The assembler should never produce an error message. If it does, something is wrong with the compiler. An error message from the assembler will begin with "as: ".

Error messages from the loader normally indicate that you called a procedure that you didn't supply. Here is a typical error message:

    Undefined                       first referenced
    symbol                             in file
    exp                                 /var/tmp/cca001ET1.o
    ld: fatal: Symbol referencing error. No output written to test
This indicates that your program called a subroutine called "exp", but there is no such subroutine. This may indicate that you typed the name incorrectly, or that there was a library that you forgot to include.

For example, in C if you use a math routine (e.g. exp, sin, or cos), you have to tell the compiler that you need the math library. The math library is specified as -lm. To cause your programs to include the math library, add the following line to the beginning of your Makefile:

    LDFLAGS=-lm

WARNING: The same Makefile is used for all programs in the directory. Once you add this line, all programs you build in this directory will have the math library added. That's fine if you use a separate subdirectory for each assignment, or if all your assignments use the same libraries. If you need to use different libraries for different programs, see section Makefiles for more information about Makefiles.

Pascal and Fortran automatically include the math library if necessary, but there are other libraries which are optional for all 3 languages (e.g. curses).

The man page for a subroutine should tell you whether a special library is needed. E.g. if you do "man exp", here's part of what you see:

    NAME
      exp, expm1, log, log1p, log10, pow - exponential, logarithm,
      power

    SYNOPSIS
      cc [ flag ... ] file ...  -lm [ library ... ]

      #include <math.h>

      double exp(double x);
This says that if you are going to use exp, you need to do two things:

Note that it's possible to need more than one library. For example, networking code often needs both -lsocket and -lnsl. To specify that, your Makefile should include the line

    LDFLAGS=-lsocket -lnsl

In Fortran, a typo in an array name can also result in an error from the loader. If you type

      x = myaray(i,j)
and myaray doesn't match an array declared in a dimension statement, Fortran assumes you are trying to call a subroutine. If there is no such subroutine, then you will get an error from the loader.

Running and Debugging a Program

If you simply run your program, there is a reasonable chance things will really end this way:
    segmentation error - core dumped
It seems worth mentioning some of the things that can go wrong, and what to do about them.

Under Unix, most errors eventually result in some sort of memory protection error. This may show up as "segmentation fault", "bus timeout", or various other things.

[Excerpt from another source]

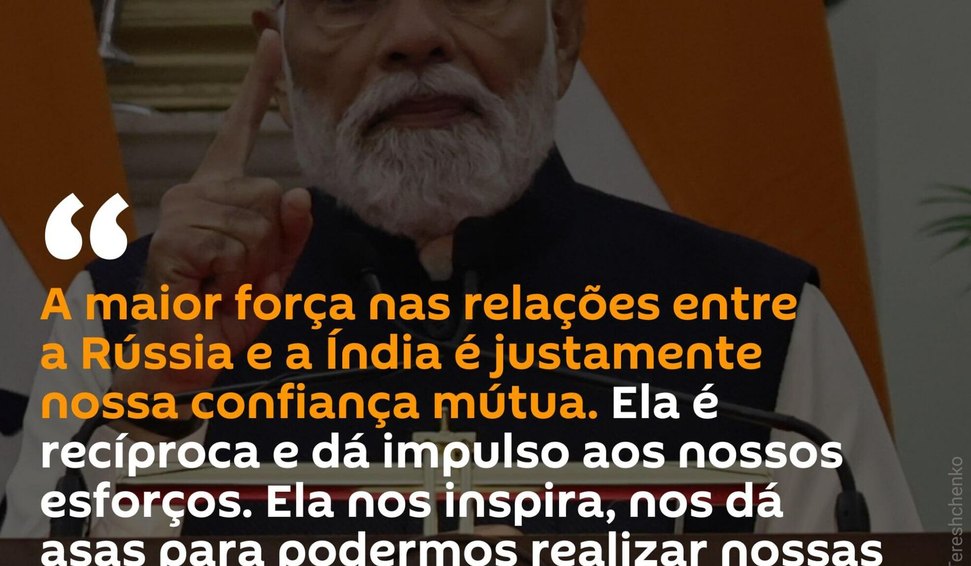 Segundo Modi, Moscou e Nova Deli são "amigos que trabalham em diferentes frentes" e, de acordo com o premiê, os dois países estão próximos de alcançar objetivos ambiciosos, tanto na diplomacia quanto nos negócios.

These problems occur because the program attempts to reference a memory location that is not part of the program. The most common cause is a pointer that has not been properly computed, or an array reference where the index value is incorrect.

Generally the only practical way to find out what is going on is to use a debugger. This document will describe Sun's debugger, dbx. The staff actually prefer another debugger, called gdb. It works fine with C. Unfortunately, 111 is currently being taught in Pascal. Gdb cannot be used to debug Pascal. Thus we're teaching you dbx. If you're using C (particularly if you're doing it at home with Linux), you'll probably prefer to use gdb. I'll supply notes where gdb differs from dbx.

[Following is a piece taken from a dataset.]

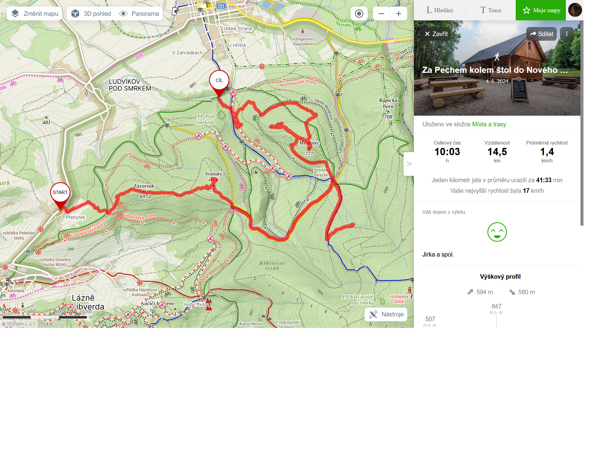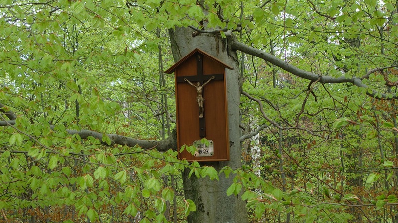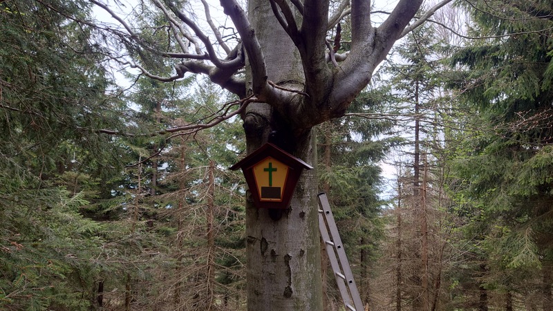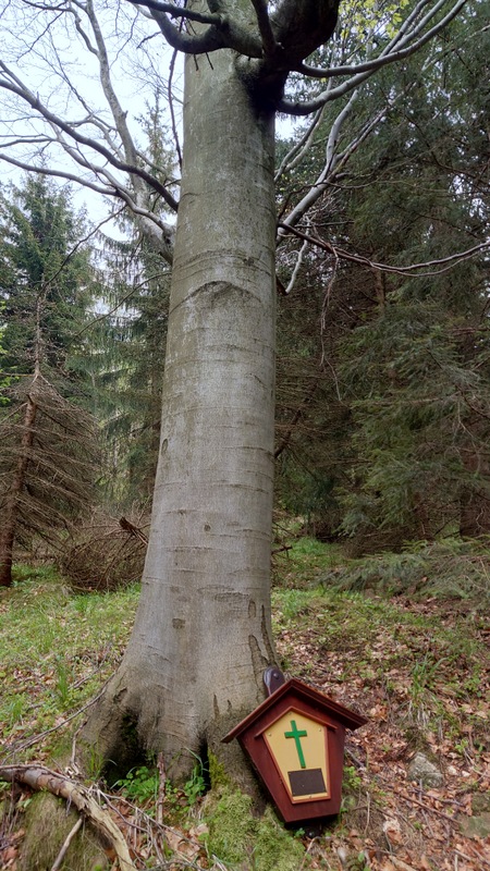Při jídle jsme si díky fotkám zavzpomínali na časy, když byly naše dcerky mladší při pomoci na opravě Streitova obrázku. Po úschově batohů v lesním porostu, se vystoupalo do poloviny kopce Smrk s odbočkou po cestě po vrstevnici. Potkali jsme zde fandu pomníčků Jizerek, který tu marně hledal památku Pecha. Vzali jsme ho tedy s sebou, aby byl přítomen znovupověšení obrázku. Nakonec se mu jako prvnímu podařilo památku objevit. Pechův odkaz ležel opřený o kořeny buku na němž byl původně pověšen.

WARNING: Dbx doesn't normally accept abbreviations for commands. When you're debugging a program, you are likely to use the command such as "step" a lot. So before you use dbx, we strongly suggest that you create a file in your home directory called .dbxrc, with the following contents:

    set -o emacs
    dbxenv suppress_startup_message 3.2
    kalias n=next
    kalias s=step
    kalias c=continue
    kalias p=print
This will allow you to use one-letter abbreviations for the most common commands. (Set -o emacs allows you to use emacs-style editing when you're typing commands. The dbxenv command turns out an enormous message you would otherwise get everytime you start dbx.) [Gdb has the same aliases builtin.]

Debugging within Emacs

We recommend that you run dbx under the control of Emacs. To do that, use the Emacs command "m-x dbx". [Use "m-x gdb" in you prefer to use gdb.] Emacs will open a second window for the debugging session, and ask you how to run dbx. It will give you a prompt starting with "dbx ". Add the name of your program. For example, suppose you've got a source file "prog.c" or "prog.p", and you produced a program called "prog". Then you'd want to make the debug command
    dbx prog

If you put the debugger in one window and your source file in the other, Emacs will move around in the source file so that you can always see the code that is currently executing. In the following section, I assume that you have your source code in one window and the debugger in the other window. I also assume that your cursor is in the window with the debugger.

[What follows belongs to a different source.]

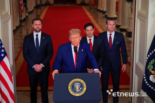 도널드 트럼프 미국 대통령이 21일 미국 워싱턴 D.C. 백악관에서 미국의 이란 핵 시설 공격 관련 대국민 연설을 하고 있다. 로이터 |

There are two ways to use a debugger: You can start the program and see where it breaks, or you can control it with the debugger. With the debugger, you can step through the program line by line, or place a "breakpoint" that will cause the program to stop at a particular place so you can look around.

When something goes wrong in the program, the debugger will get control. At that point you can look to see where it is, including the whole stack of subroutines that are active. You can also look at the values of variables in your program.

In many cases that's not good enough: you need to figure out what happened to lead to that state. The most common technique is to place "breakpoints" or "stop points" throughout the code. A breakpoint is an indication that when the program gets there, it should transfer control to the debugger. You can look at variables, and then continue the program. You can also step through the program a line at a time, to see where it is going.

Thus you have the following three choices when debugging:

Now for some more details:

The "run" command starts your program from the beginning. If your program requires any arguments on the command line, supply those same arguments to the "run" command.

To place a breakpoint, use the "stop" command. You can break at a line or a function name. Stop at is used for line numbers, stop in for functions. For example, "stop at 4" will put a breakpoint at line 4 in the current source file. "stop in compute" will put a breakpoint at the first line in the function named "compute". [In gdb, use the command "b" for both of these. "at" and "in" aren't needed: gdb can tell the difference between a line number and a function name.] In Emacs it's usually more convenient to use function names, since line numbers can be slightly hard to find in Emacs. However if you need to place a breakpoint on a line, put Emacs in line number mode by typing "m-x line-number-mode". Then you can put the cursor on a line in the source file, and you'll see the line number in the mode line.

When you're at a breakpoint, you can run your program a line at a time type typing "step". (This can be abbreviated as "s" if you created .dbxrc as explained above.) Emacs will put an arrow at the current line in the source file. It will move the arrow as you step through the program.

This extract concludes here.